The report, called Reckless Lending, lists 10 projects that received EDC financing and insurance coverage that guaranteed the involvement of Canadian companies.
It attacked the EDC's environmental review framework, which it says falls far short of existing industry standards for environmental assessments for use in Canada and abroad.
The report states that the framework allows the EDC to finance projects with known adverse impacts, if the impacts can be justified by undefined anticipated positive aspects of such projects.
``This opens the door for the EDC to allow for significant adverse human rights, environmental and social impacts in developing countries to be justified on the basis of economic gains to Canada -- even if the impacts violate international standards,'' said Pam Foster, spokeswoman for the working group.
The EDC responded immediately to the report, holding a press conference yesterday morning on Parliament Hill, right after one held by the working group, to denounce the accuracy of the report. It defended its environmental assessment framework, estimating that it rejects about one-third of the proposed projects for financing while improving other projects by demanding changes.
EDC officials say three of the projects cited in the report do in fact meet World Bank standards -- which the working group calls for the EDC to adopt as a minimum.
Ms. Foster responded by saying the group is referring to current World Bank standards and not those of 10 years ago.
``The EDC's credibility at the press conference has to be questioned after their officials said the corporation is adequately disclosing information to the public. Everyone knows that is not true,'' said Ms. Foster.
The EDC is not covered by the Freedom of Information Act and has been sharply criticized for keeping billions of dollars in loans secret in foreign countries. Officials say the EDC is restricted by business confidentiality but it encourages its sponsors to release information about the projects.

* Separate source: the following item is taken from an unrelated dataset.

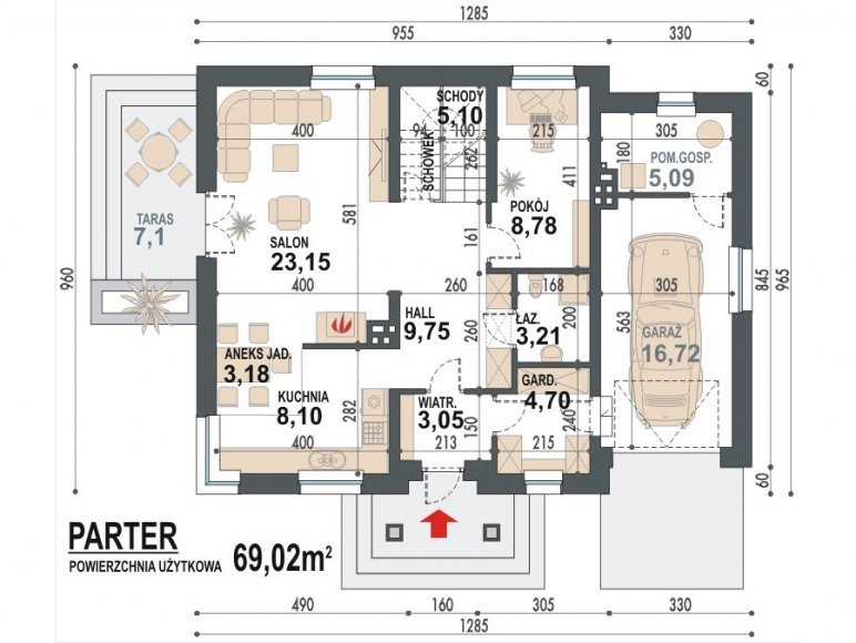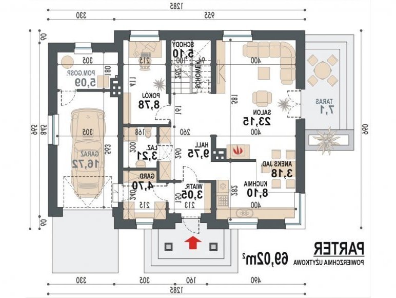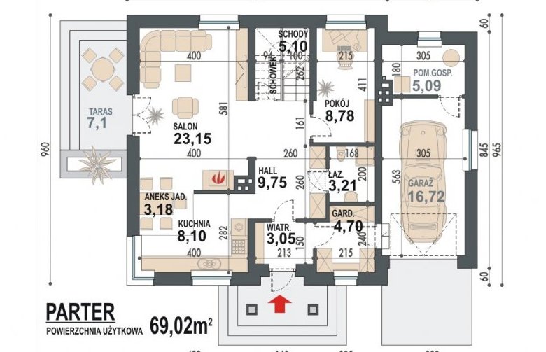 Kolargol 2N to unowocześniona wersja bardzo popularnego projektu domu Kolargol 2. Ten nieduży, o prostej budowie i dwuspadowym dachu dom otrzymał nową, nowoczesną szatę graficzną, a ponadto został wzbogacony o rozwiązania polepszające parametry energooszczędne. W parterowej części frontowej domu znajduje się kuchnia z aneksem jadalnym połączona z salonem, który usytuowano tak aby zapewnić dobrą ekspozycję zarówno w elewacji bocznej jak i tylnej. Program użytkowy parteru uzupełniają: pokój (gabinet), łazienka z prysznicem i garderoba, a ponadto garaż i kotłownia na olej lub gaz lub paliwo stałe (ekogroszek). Strefę nocną sytuowaną na poddaszu tworzą trzy pokoje przeznaczone dla dzieci oraz sypialnia rodziców z garderobą oraz łazienka. Ten niewielki gabarytowo dom spełnia wszelkie funkcje nawet dla 6-osobowej rodziny. W przypadku mniejszej liczby domowników powierzchnię poddasza można dowolnie zagospodarowywać poprzez łączenie pomieszczeń lub zmianę sposobu użytkowania np. na pokój rekreacyjny, gabinet, pralnię czy suszarnię.

The working group said it was releasing the report as the EDC undergoes legislative review by cabinet. The report recommends the EDC require project information to be disclosed publicly at least 60 days before approval by its board.

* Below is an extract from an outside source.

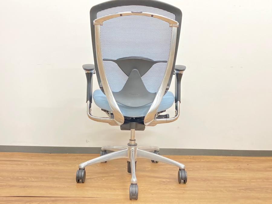 【K9】【商品入替のため、残り7脚限り】【座面に使用感の汚れあり】オカムラ製 コンテッサシリーズ ライトブルー 背面メッシュ ランバーサポート付 可動肘 世界で認められた革新的タスクチェア! 人間工学に基づいた快適な座り心地を実現! 肘付きハイバックチェア!!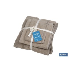 Juego de 3 toallas de color beige con 580 g/m2 | Gama Abisinia | Set de toallas 100 % de algodón

The report listed the EDC's loans of $18.2 million for the Urra Hydro Project in Colombia; $155 million towards the Three Gorges Dam in China; $430 million for a Candu reactor in South Korea; $20.5 million for the BioBio Dam in Chile; $86.4 million for the Yacyreta Dam in Argentina and Paraguay; $1.36 million towards the Copper Mine in Papua New Guinea.
As well, billions of dollars in financing for Candu reactors in Romania, Turkey, China and Argentina were included in the report.
The report portrayed the Urra Hydro Project in Colombia as a devastating project, saying it has destroyed the traditional food supply of the indigenous people, forcing many off their land and increasing malnutrition.
It also said that Amnesty International has reported that six protesters against the project were killed by paramilitaries with alleged links to the Colombian army, while 10 more have ?`disappeared.''
``EDC argues that it will uphold host country laws. In the case of the Urra dam in Colombia, EDC failed to even do that, resulting in a court injunction,'' said the report.
``Host country laws, in letter or spirit, may not adequately ensure that EDC would not be financing a disaster.''
Members of the NGO Working Group on the EDC include Democracy Watch, International Centre for Human Rights and Democratic Development, MiningWatch Canada, Canadian Auto Workers, Canadian Labour Congress and Project Ploughshares.